[Start of section]

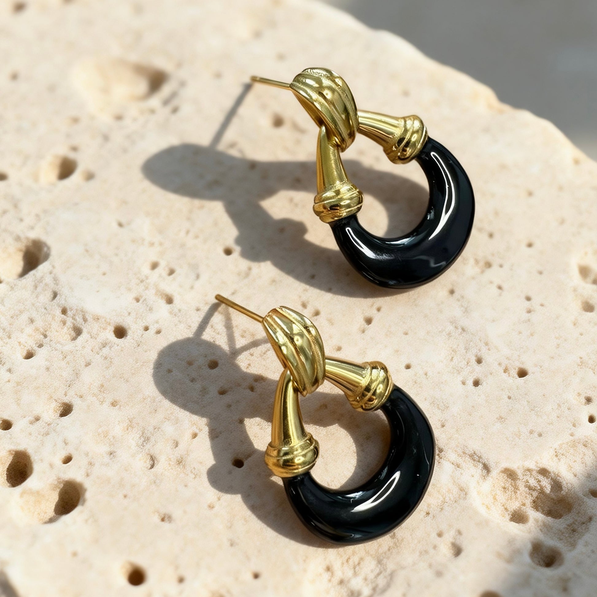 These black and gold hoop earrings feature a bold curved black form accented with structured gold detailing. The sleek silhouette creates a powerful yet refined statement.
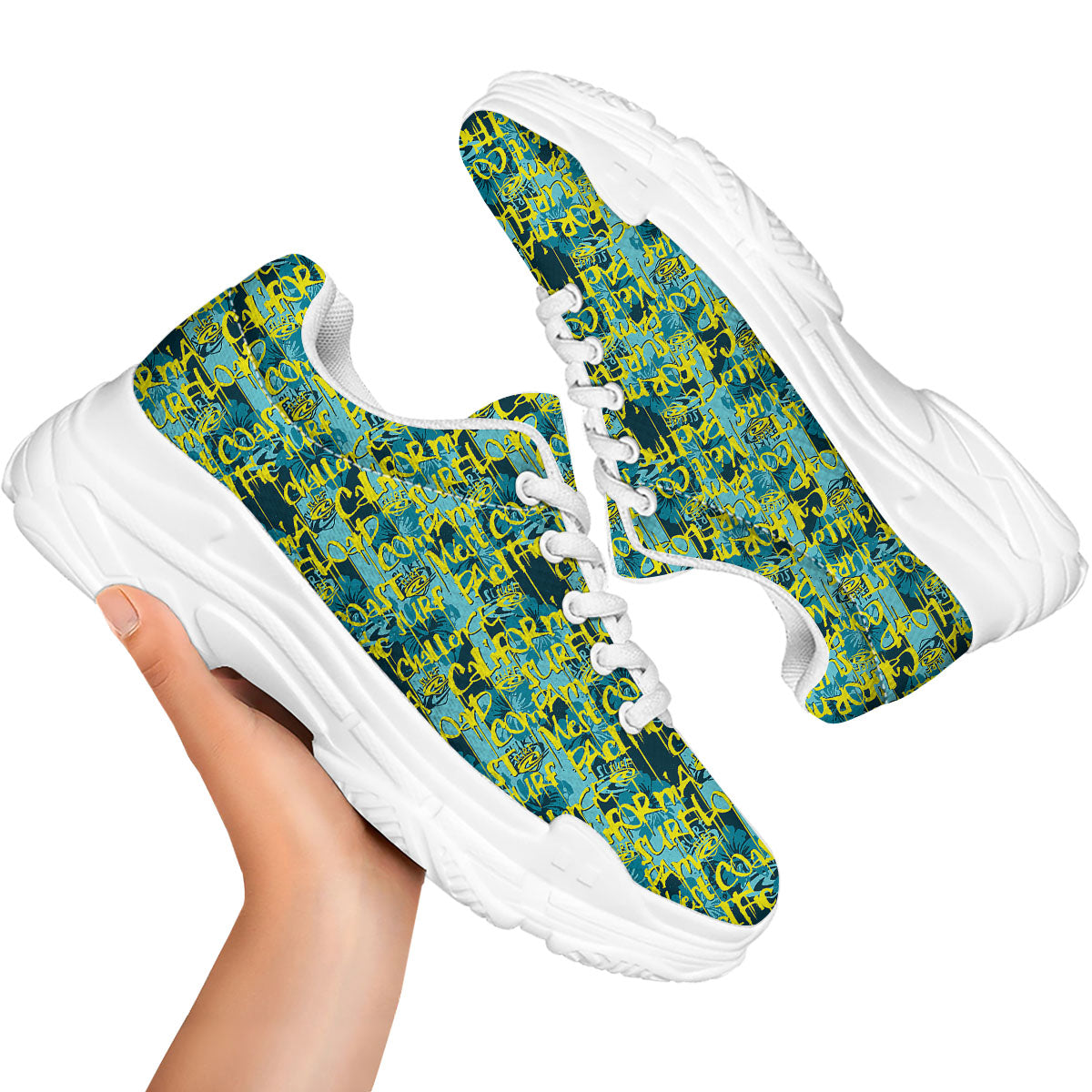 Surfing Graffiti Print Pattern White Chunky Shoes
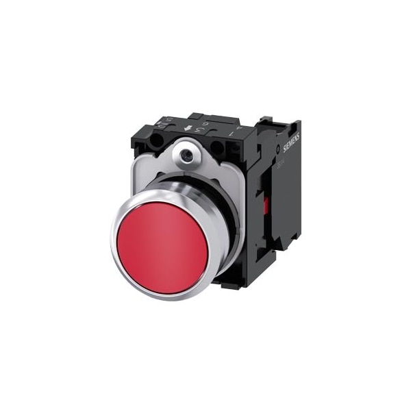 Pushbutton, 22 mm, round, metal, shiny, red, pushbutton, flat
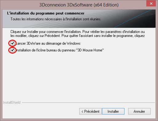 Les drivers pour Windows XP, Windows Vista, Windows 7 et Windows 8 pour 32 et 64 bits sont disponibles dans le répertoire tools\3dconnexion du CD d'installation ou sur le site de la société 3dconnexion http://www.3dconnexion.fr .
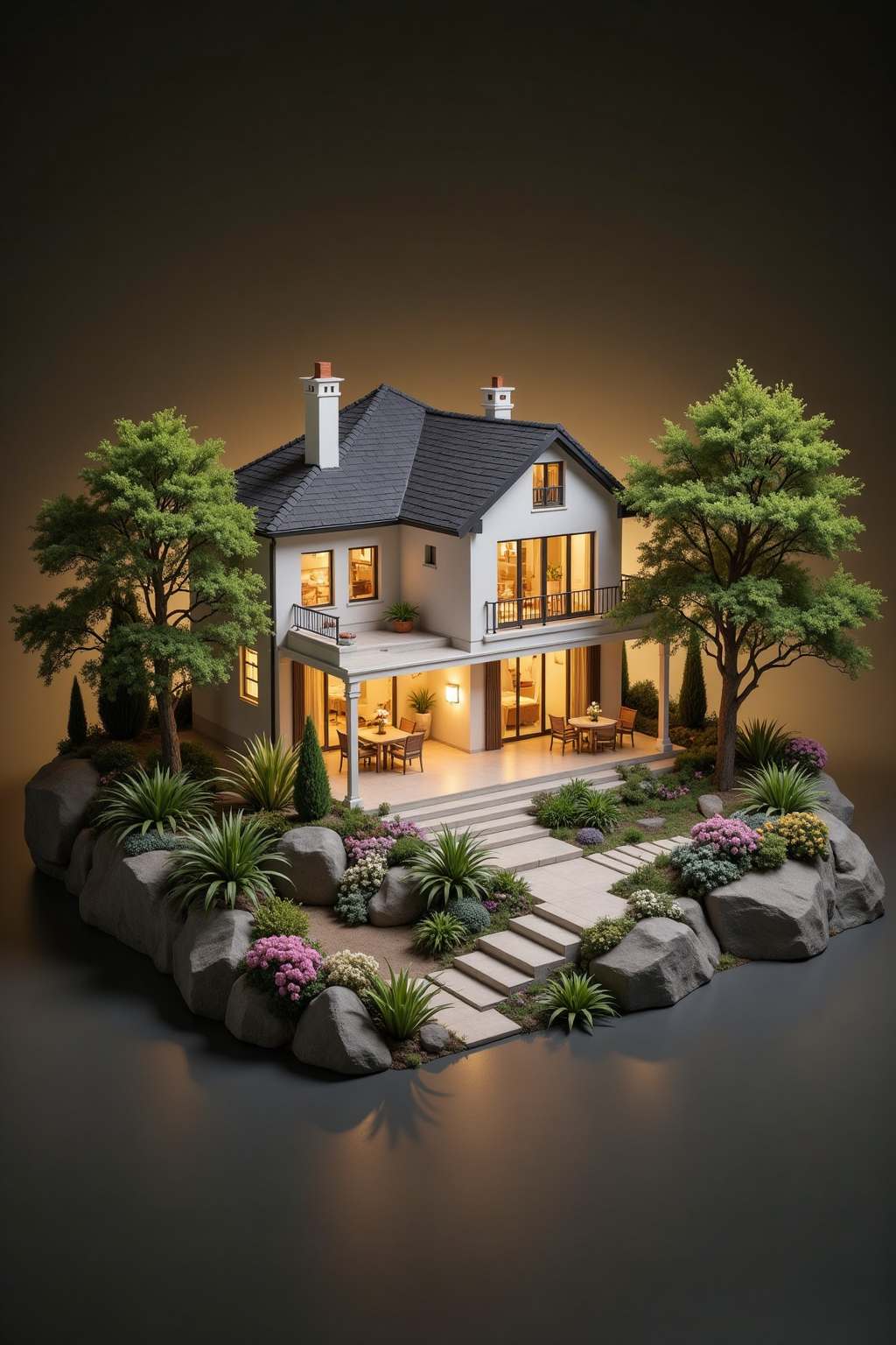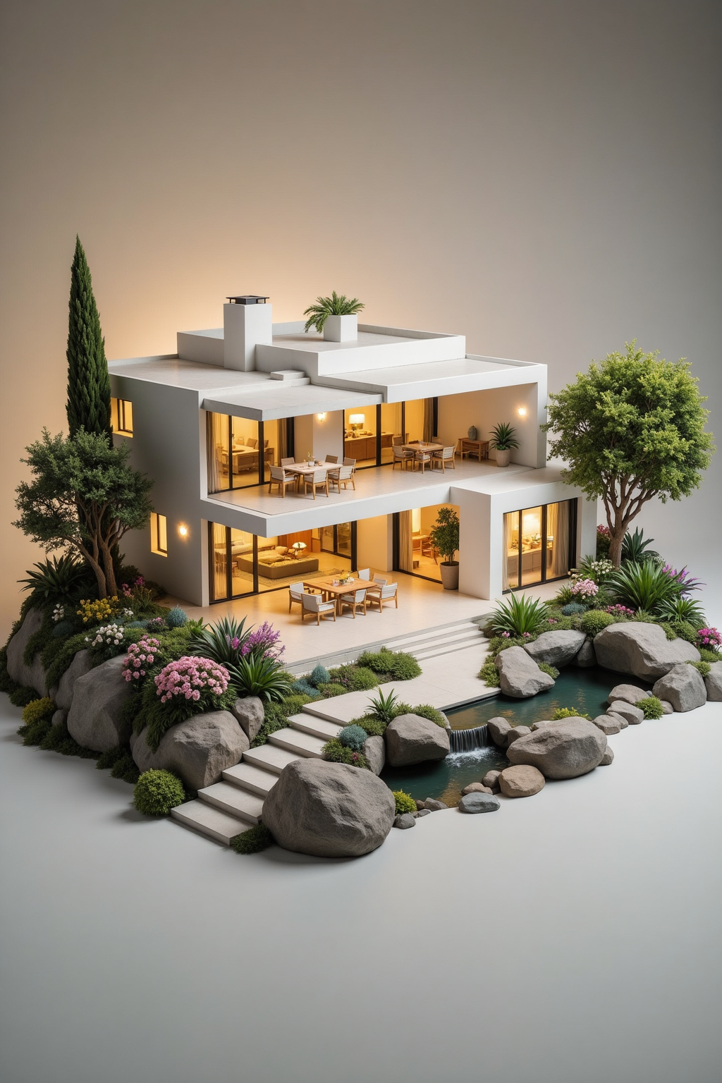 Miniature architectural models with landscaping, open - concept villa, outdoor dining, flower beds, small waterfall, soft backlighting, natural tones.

[End of section]

- Exercise objective -
Could you write out the whole listing exactly, skipping every picture?

- Solution for this task -
 These black and gold hoop earrings feature a bold curved black form accented with structured gold detailing. The sleek silhouette creates a powerful yet refined statement.
 Surfing Graffiti Print Pattern White Chunky Shoes
 Pushbutton, 22 mm, round, metal, shiny, red, pushbutton, flat
 Les drivers pour Windows XP, Windows Vista, Windows 7 et Windows 8 pour 32 et 64 bits sont disponibles dans le répertoire tools\3dconnexion du CD d'installation ou sur le site de la société 3dconnexion http://www.3dconnexion.fr .
 Miniature architectural models with landscaping, open - concept villa, outdoor dining, flower beds, small waterfall, soft backlighting, natural tones.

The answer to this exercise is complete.